Key Generation Parameters

Basic Parameters

{
  "key_name": "production-api-key",      // Optional friendly name
  "duration": "30d",                     // Key expiration (e.g., 30d, 24h, null for no expiry)
  "models": ["gpt-3.5-turbo", "gpt-4"], // Allowed models
  "metadata": {                          // Custom metadata
    "environment": "production",
    "team": "backend"
  }
}

Budget Parameters

{
  "max_budget": 100.0,           // Maximum spend in USD
  "budget_duration": "30d",      // Budget reset period
  "soft_budget": 80.0            // Alert threshold (80% of max_budget)
}

Rate Limiting

{
  "rpm": 100,        // Requests per minute
  "tpm": 100000,     // Tokens per minute
  "max_parallel_requests": 10
}

Team Association

{
  "team_id": "team-abc-123",
  "user_id": "user-xyz-456"
}

Complete Example

curl -X POST 'http://localhost:4000/key/generate' \
  -H 'Authorization: Bearer sk-1234' \
  -H 'Content-Type: application/json' \
  -d '{
    "key_name": "production-backend",
    "duration": "90d",
    "models": ["gpt-3.5-turbo", "gpt-4"],
    "max_budget": 100.0,
    "budget_duration": "30d",
    "soft_budget": 80.0,
    "rpm": 100,
    "tpm": 100000,
    "metadata": {
      "environment": "production",
      "team": "backend"
    }
  }'

Get Key Information

Retrieve information about a key:

curl -X GET 'http://localhost:4000/key/info' \
  -H 'Authorization: Bearer sk-1234567890abcdef'

Response:

{
  "key": "sk-1234...def",
  "key_name": "production-backend",
  "team_id": null,
  "max_budget": 100.0,
  "spend": 45.23,
  "budget_reset_at": "2024-04-15T10:30:00Z",
  "models": ["gpt-3.5-turbo", "gpt-4"],
  "rpm": 100,
  "tpm": 100000,
  "expires": "2024-07-15T10:30:00Z",
  "metadata": {
    "environment": "production",
    "team": "backend"
  }
}

Update a Key

Modify key properties:

curl -X POST 'http://localhost:4000/key/update' \
  -H 'Authorization: Bearer sk-1234' \
  -H 'Content-Type: application/json' \
  -d '{
    "key": "sk-1234567890abcdef",
    "max_budget": 200.0,
    "models": ["gpt-3.5-turbo", "gpt-4", "claude-3-opus"],
    "rpm": 200
  }'

You can only update a key using the master key, not the key itself.

Delete a Key

Revoke a virtual key:

curl -X POST 'http://localhost:4000/key/delete' \
  -H 'Authorization: Bearer sk-1234' \
  -H 'Content-Type: application/json' \
  -d '{
    "keys": ["sk-1234567890abcdef"]
  }'

List All Keys

Get all virtual keys:

curl -X GET 'http://localhost:4000/key/list' \
  -H 'Authorization: Bearer sk-1234'

Key Auto-Rotation

Configure automatic key rotation:

curl -X POST 'http://localhost:4000/key/generate' \
  -H 'Authorization: Bearer sk-1234' \
  -H 'Content-Type: application/json' \
  -d '{
    "key_alias": "production-key",
    "auto_rotate": true,
    "rotation_interval": "90d",
    "models": ["gpt-3.5-turbo"],
    "max_budget": 100.0
  }'

The key will automatically rotate every 90 days.

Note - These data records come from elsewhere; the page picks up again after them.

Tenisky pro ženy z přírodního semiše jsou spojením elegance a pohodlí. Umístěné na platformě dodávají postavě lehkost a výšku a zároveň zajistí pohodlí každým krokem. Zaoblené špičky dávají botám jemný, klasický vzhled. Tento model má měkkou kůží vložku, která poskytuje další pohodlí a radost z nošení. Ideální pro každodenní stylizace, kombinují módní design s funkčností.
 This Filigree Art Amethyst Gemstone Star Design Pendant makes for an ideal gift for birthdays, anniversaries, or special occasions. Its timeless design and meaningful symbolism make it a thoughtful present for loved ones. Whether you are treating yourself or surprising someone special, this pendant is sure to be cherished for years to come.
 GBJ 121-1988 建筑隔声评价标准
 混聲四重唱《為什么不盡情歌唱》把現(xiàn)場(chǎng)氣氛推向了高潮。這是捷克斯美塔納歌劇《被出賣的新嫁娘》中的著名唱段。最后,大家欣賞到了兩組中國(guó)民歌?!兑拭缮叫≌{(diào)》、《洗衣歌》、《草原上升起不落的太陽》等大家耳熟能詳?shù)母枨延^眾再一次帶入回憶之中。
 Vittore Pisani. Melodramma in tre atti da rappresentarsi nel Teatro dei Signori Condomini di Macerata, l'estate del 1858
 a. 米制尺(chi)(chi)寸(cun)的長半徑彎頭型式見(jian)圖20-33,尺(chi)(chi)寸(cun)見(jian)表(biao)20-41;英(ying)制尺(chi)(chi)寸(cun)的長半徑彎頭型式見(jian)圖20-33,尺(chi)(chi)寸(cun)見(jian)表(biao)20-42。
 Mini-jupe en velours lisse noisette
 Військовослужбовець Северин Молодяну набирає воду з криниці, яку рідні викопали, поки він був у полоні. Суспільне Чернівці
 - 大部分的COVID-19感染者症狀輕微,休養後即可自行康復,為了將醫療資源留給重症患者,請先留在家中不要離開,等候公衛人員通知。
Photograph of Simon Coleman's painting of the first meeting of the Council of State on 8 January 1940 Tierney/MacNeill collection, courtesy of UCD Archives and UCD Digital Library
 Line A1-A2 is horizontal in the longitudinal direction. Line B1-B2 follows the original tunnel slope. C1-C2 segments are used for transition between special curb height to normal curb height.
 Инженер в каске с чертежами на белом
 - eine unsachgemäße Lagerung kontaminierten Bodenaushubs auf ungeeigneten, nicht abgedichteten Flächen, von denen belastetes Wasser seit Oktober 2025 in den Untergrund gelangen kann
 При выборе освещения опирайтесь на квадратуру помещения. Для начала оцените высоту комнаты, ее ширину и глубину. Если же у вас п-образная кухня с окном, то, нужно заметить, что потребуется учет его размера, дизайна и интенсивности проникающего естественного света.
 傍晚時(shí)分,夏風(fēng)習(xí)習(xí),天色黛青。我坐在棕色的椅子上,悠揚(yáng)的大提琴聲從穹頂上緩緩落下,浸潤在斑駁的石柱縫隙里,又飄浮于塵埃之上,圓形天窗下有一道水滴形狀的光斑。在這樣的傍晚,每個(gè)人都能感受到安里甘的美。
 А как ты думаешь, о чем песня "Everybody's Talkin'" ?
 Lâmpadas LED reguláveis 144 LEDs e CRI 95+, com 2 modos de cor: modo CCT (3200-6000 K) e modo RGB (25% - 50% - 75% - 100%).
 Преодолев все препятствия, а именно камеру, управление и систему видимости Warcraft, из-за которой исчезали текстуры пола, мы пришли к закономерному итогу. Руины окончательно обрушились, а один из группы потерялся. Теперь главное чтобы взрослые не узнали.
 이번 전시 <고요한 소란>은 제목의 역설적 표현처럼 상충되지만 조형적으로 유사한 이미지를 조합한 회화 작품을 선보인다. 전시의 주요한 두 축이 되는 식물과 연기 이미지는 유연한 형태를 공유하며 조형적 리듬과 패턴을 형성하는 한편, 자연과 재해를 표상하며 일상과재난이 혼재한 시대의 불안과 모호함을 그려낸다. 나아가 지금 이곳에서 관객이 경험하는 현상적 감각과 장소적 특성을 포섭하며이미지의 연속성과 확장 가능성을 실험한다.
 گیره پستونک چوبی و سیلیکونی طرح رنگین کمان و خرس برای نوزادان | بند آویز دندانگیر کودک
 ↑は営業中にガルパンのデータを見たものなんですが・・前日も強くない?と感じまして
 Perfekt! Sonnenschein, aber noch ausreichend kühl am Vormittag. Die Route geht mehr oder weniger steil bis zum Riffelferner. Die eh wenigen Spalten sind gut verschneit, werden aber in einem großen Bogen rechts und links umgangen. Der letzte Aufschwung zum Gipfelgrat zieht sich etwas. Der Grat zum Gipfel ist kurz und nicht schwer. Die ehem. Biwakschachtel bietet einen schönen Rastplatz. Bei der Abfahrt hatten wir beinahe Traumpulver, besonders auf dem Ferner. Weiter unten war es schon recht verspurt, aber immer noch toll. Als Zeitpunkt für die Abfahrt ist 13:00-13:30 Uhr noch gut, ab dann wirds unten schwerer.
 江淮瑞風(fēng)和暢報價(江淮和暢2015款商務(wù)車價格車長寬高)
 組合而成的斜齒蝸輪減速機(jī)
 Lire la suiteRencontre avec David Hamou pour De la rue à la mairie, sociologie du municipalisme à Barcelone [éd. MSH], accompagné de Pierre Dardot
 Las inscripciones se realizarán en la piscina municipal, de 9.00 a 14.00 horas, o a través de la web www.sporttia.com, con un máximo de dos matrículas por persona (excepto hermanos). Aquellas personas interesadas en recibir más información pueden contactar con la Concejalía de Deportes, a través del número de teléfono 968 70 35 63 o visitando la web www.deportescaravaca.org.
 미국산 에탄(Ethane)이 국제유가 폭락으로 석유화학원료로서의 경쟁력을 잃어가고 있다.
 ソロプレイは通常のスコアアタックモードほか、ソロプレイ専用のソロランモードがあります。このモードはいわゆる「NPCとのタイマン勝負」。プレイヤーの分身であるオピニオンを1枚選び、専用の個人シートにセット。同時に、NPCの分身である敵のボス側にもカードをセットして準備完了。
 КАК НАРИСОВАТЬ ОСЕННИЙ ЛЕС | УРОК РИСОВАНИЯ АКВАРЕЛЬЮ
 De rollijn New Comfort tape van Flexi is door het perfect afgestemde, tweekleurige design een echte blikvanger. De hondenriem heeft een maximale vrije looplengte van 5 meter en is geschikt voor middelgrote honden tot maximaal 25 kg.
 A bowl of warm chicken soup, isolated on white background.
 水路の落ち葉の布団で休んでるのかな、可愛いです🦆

The key_alias remains constant while the underlying key changes.

Budget Tracking

Check Spend

Monitor key spending:

curl -X GET 'http://localhost:4000/key/info' \
  -H 'Authorization: Bearer sk-1234567890abcdef'

The response includes:

spend: Current spend
max_budget: Budget limit
budget_reset_at: When budget resets

Budget Alerts

Set soft budget for alerts:

{
  "max_budget": 100.0,
  "soft_budget": 80.0  // Alert at 80% usage
}

Configure webhook for alerts in your config:

config.yaml

litellm_settings:
  alerting:
    - slack
  alerting_threshold: 0.8  # Alert at 80% budget
  slack_webhook_url: os.environ/SLACK_WEBHOOK_URL

Model Access Control

Restrict to Specific Models

{
  "models": ["gpt-3.5-turbo", "gpt-4"]
}

Requests to other models will be rejected:

{
  "error": {
    "message": "API key does not have access to model: claude-3-opus",
    "type": "invalid_request_error"
  }
}

Allow All Models

Omit the models parameter or use null:

{
  "models": null  // Access to all configured models
}

Rate Limiting

Per-Key Rate Limits

{
  "rpm": 100,        // 100 requests per minute
  "tpm": 100000,     // 100k tokens per minute
  "max_parallel_requests": 10  // Max concurrent requests
}

When rate limit is exceeded:

{
  "error": {
    "message": "Rate limit exceeded. Retry after 60 seconds.",
    "type": "rate_limit_error"
  }
}

Team Keys

Generate keys associated with teams:

Create a Team

curl -X POST 'http://localhost:4000/team/new' \
  -H 'Authorization: Bearer sk-1234' \
  -H 'Content-Type: application/json' \
  -d '{
    "team_alias": "engineering",
    "max_budget": 1000.0,
    "budget_duration": "30d"
  }'

Generate Team Key

curl -X POST 'http://localhost:4000/key/generate' \
  -H 'Authorization: Bearer sk-1234' \
  -H 'Content-Type: application/json' \
  -d '{
    "team_id": "team-abc-123",
    "models": ["gpt-3.5-turbo"],
    "max_budget": 100.0
  }'

Team keys inherit team budgets and settings. The key budget is separate from the team budget.

Key Metadata

Attach custom metadata to keys:

{
  "metadata": {
    "environment": "production",
    "service": "backend-api",
    "owner": "[email protected]",
    "cost_center": "engineering"
  }
}

Use metadata for:

Cost allocation
Usage tracking
Access auditing
Organizational reporting

Security Best Practices

1. Master Key Protection

Never expose the master key in client applications. Use virtual keys instead.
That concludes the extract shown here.